One thing that puzzled me early on was how Postgres could let me read from a table while someone else was writing to it — without locking me out and without me seeing half-written data. Most systems I had worked with used explicit read locks, which meant readers and writers had to take turns. Postgres doesn’t do that. Reads never block writes, and writes never block reads. The mechanism that makes this possible is called Multiversion Concurrency Control, or MVCC, and it works by keeping multiple versions of every row simultaneously.
How It Actually Works
Every row in a Postgres heap has two hidden system columns: xmin and xmax.
xmin: the transaction ID (XID) of the transaction that inserted this row versionxmax: the transaction ID of the transaction that deleted or updated this row version (0 if the row is current)
When you UPDATE a row, Postgres does not modify the existing row in place. Instead it:
- Creates a new row version with the updated values and sets its
xminto your transaction’s XID - Sets the
xmaxof the old row version to your transaction’s XID - Leaves both versions on disk
When you DELETE a row, Postgres just sets xmax on the existing row — the row data stays on disk until vacuum comes along to reclaim it.
This means at any given moment, a heap page may contain multiple versions of the same logical row.
When your transaction reads a row, the visibility check determines which version you see:
A row version is visible to transaction T if:
xmin committed before T started
AND (xmax is 0, OR xmax belongs to T itself, OR xmax committed after T started)

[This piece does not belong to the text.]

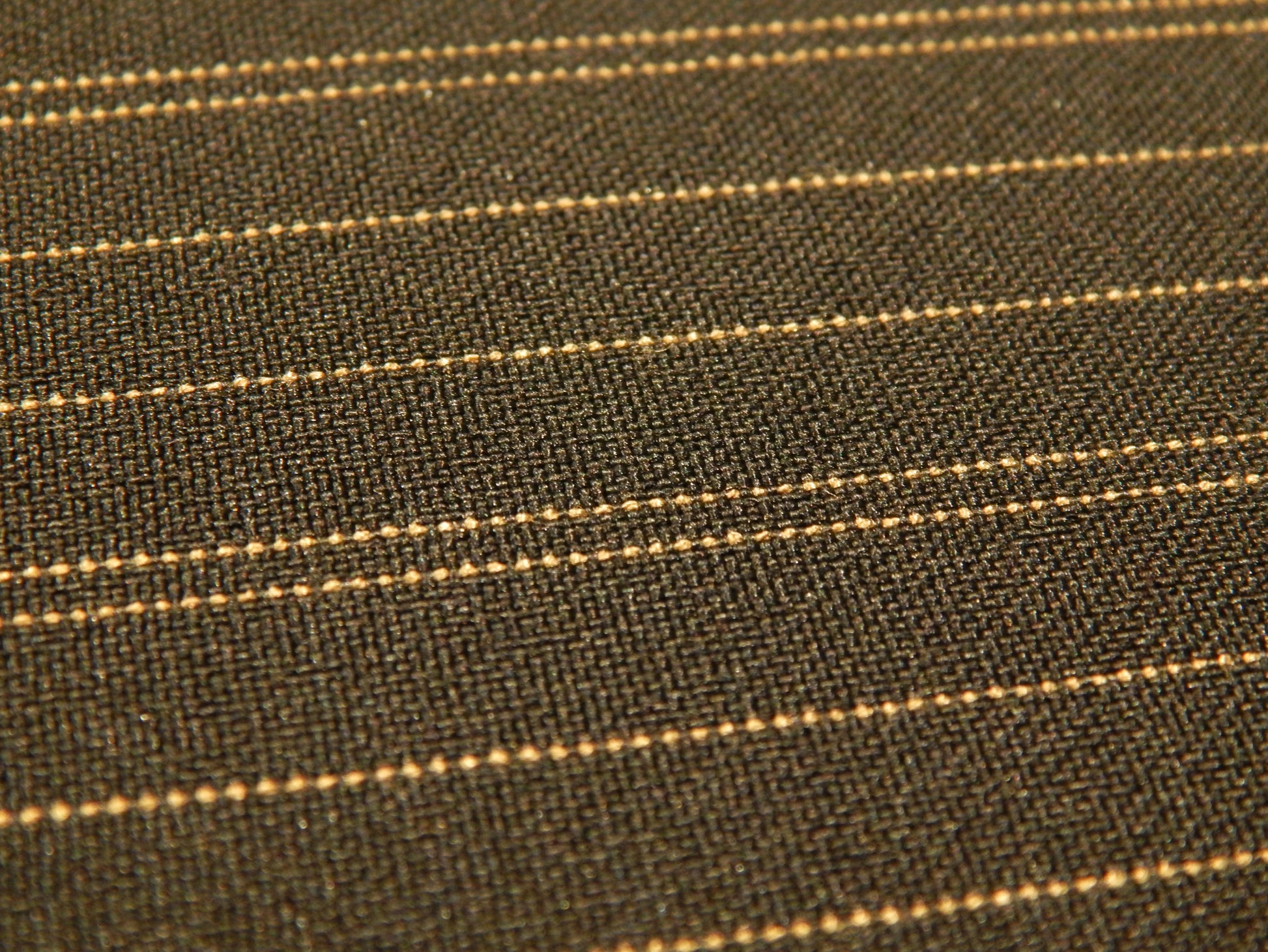 This Pine Green & Beige Striped Suiting brings a smart amount of color into the business wardrobe. The dark green is both manly and more fun than the common black. Plus the golden beige stripes help add s pop of interest. This fabric drapes well and is not see through at all. This would make a fun pair of slacks, a smart suit set, or a stylish vest dress like Style Arc's Andrea Vest.

Here is that logic expressed in Go:
type RowVersion struct {
Data []byte
Xmin uint32 // transaction that created this version
Xmax uint32 // transaction that deleted/updated this version (0 = current)
}
type TransactionSnapshot struct {
MyXID uint32
XminHorizon uint32 // oldest active transaction
ActiveXIDs map[uint32]bool
}
func (snap *TransactionSnapshot) IsVisible(row RowVersion) bool {
// inserting transaction must be committed and before our snapshot
if row.Xmin >= snap.MyXID || snap.ActiveXIDs[row.Xmin] {
return false // not yet committed when we started
}
// if no deleter, row is alive
if row.Xmax == 0 {
return true
}
// row is deleted — visible only if the deleter started after us
if row.Xmax >= snap.MyXID || snap.ActiveXIDs[row.Xmax] {
return true // deleter wasn't committed when we started
}
return false // deleter committed before us — row is gone for us too
}
Each transaction gets a consistent snapshot at start time. It sees the world as it existed at that moment, regardless of what other transactions do afterward.
Why It Matters
MVCC delivers the “readers don’t block writers” guarantee that makes Postgres suitable for OLTP workloads. In a lock-based system, a long-running read (like a reporting query) would block writes on the same rows for its entire duration. With MVCC, the reporting query sees its snapshot version of rows, while concurrent writes create new versions alongside the old ones.
This also means:
SELECTstatements in Postgres never acquire row locks by default- Long-running transactions hold onto old row versions, preventing vacuum from cleaning them up (the “transaction horizon” problem)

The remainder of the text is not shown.